E. Grün (MPI-K and HIGP), M. Rachev, R. Srama, A. Srowig (MPI-K), D. Harris, T. Conlon (U. Hawaii), S. Auer (A&M Assoc.)

A dust telescope is a combination of a dust trajectory sensor together with an analyzer for the chemical composition of dust particles in space. Dust particles' trajectories are determined by the measurement of the electric signals that are induced when a charged grain flies through a position sensitive electrode system. The objective of the trajectory sensor is to measure dust charges in the range 10-16 to 10-13C and dust speeds in the range 6 to 100 km/s. The trajectory sensor has four sensor planes consisting of about 20 wire electrodes each. Two adjacent planes have orthogonal wire direction. Computer simulations of such an instrument show that induced dust charge signals can be identified at a SNR = 3. At a noise level corresponding to 200 electrons or less the goal of measuring dust charges of 10-16C is feasible. Two different designs of the charge-sensitive amplifiers are studied: one made from discrete electronic components and a highly integrated ASIC design.

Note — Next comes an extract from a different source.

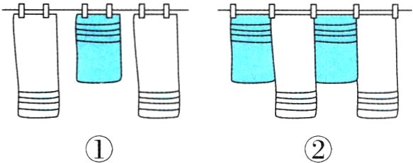 4. (假设思想)王阿姨要挂32条毛巾,先将每条毛巾用两个夹子挂起,如图①。当她发现夹子个数不够时,开始用如图②的方式挂毛巾。王阿姨挂了32条毛巾,共用了45个夹子,她按图①和图②的方式分别挂了多少条毛巾?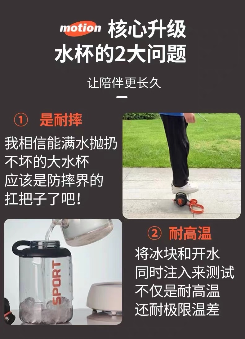 Large-capacity water cup, men's ton-ton bucket, summer sports and fitness outdoor water bottle with handle, high-temperature resistant large-belted cup

The dust chemical analyzers will have a sufficient mass resolution in order to resolve ions with atomic mass number up to 100. The annular impact area of the mass analyzer will be 0.1 m2. We have constructed a numerical (SIMION) model of the mass spectrometer consisting of the target area with acceleration grid and the single-stage reflectron consisting of two grids, and the central ion detector. Ions of varying starting positions at the target, emission angles 0 to 90 degrees and energies 0 to 50 eV are flown through the spectrometer. A first result is that ions with different perpendicular (to the target normal) energies will arrive at the ion detector at different radial positions, with zero perpendicular energy in the center. A mass resolution of M/\Delta M ~ 150 is obtained for impacts onto the annular target between 10 and 24 cm from the center.

Acknowledgements: This research is supported by NASA grant NAG5-11782 and by DLR grant 50OO0201.